World's oldest woman dies at 128: Here's the secret of her longevity
New Delhi : Woman aged 128, who have been officially believed by Russia to be the oldest person died in the Caucasus Mountains. She was born before the last Tsar Nicholas II took the throne, documents claimed.
Nanu Shaova, was registered two years ago in the Russia Book of Records as the oldest person in the country and is believed to be the oldest person in the world, too.
Nanu was 27-year-old at the time of the Bolshevik Revolution and 101 when the USSR collapsed. She has put her secret of longevity down to hard work and sour milk. She credited local drink Ayran, a mixture of yoghurt and chilled or iced water, which she preferred to tea.
The world's oldest women who is no more with us now has left behind her eight children, 19 grandchildren, 33 great-grandchildren and seven great-great-grandchildren.
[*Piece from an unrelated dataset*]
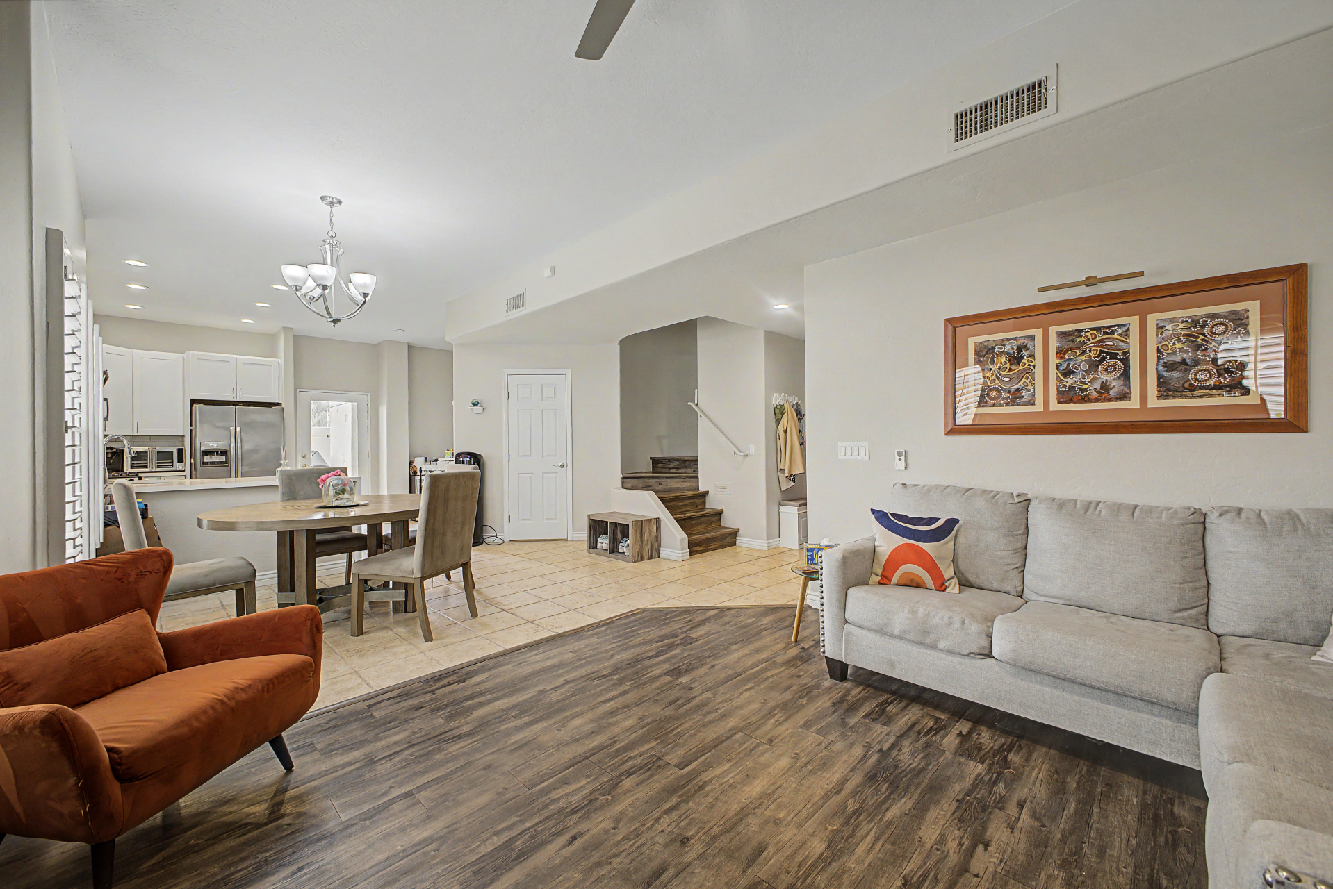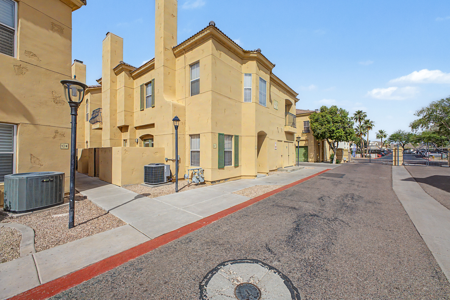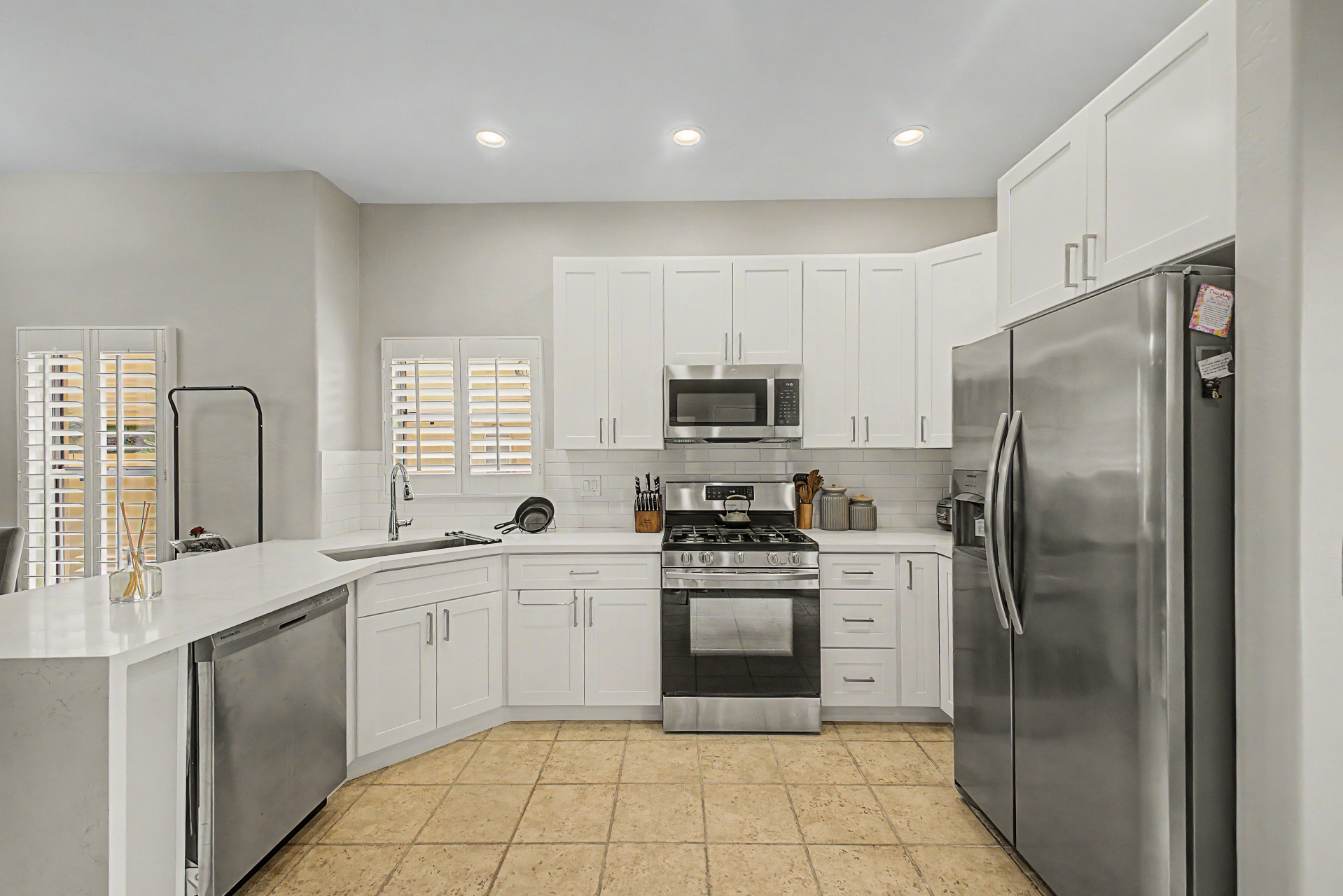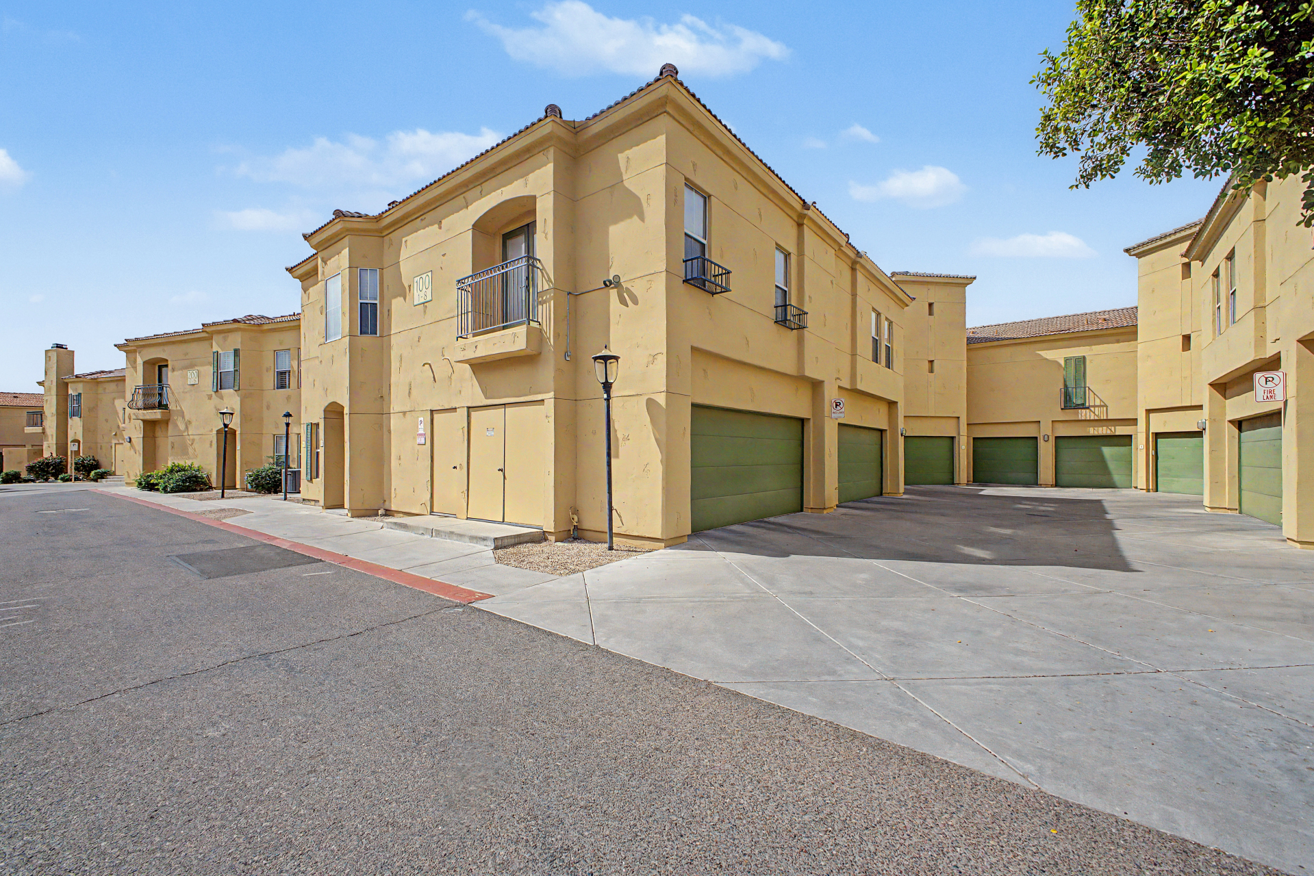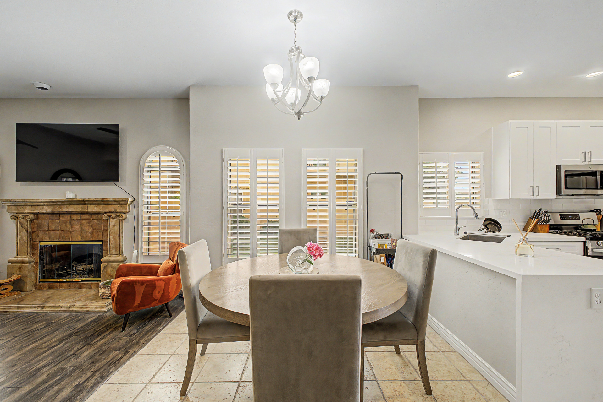 Rare gas cooking & 2-car split garage in gated Tuscany Courts! This bright open floor plan features a 2026 kitchen update with new cabinets & quartz counters. Enjoy plantation shutters, 10ft ceilings, a stone fireplace, and new carpet (2026). The primary suite offers a large walk-in closet, private balcony and expansive bath with double sinks. Move-in ready with a new water heater (2026).The main level's seamless flow leads to a private shady courtyard perfect for relaxing. Upstairs, you will find roomy bedrooms and the laundry area for added convenience. Residents of this gated community enjoy access to the sparkling community pool and spa. Located in the heart of Ahwatukee near South Mountain hiking, shopping, dining, and IKEA. Easy I-10 access. Rentals 30+ days OK!

She was married twice in her life.
She dug trenches in her village in World War Two and during her long life worked on her local collective farm in the Zayukovo village of Kabardino-Balkaria republic.
In 2018, she was named as the oldest voter in Russia when she supported Vladimir Putin in the Kremlin presidential election.
Nanu was 62-year-old, a pensioner when Putin was born, according to her chronology.
Her son Hussein said: 'She did not have any kind of special diet. She only said that it is important to work a lot.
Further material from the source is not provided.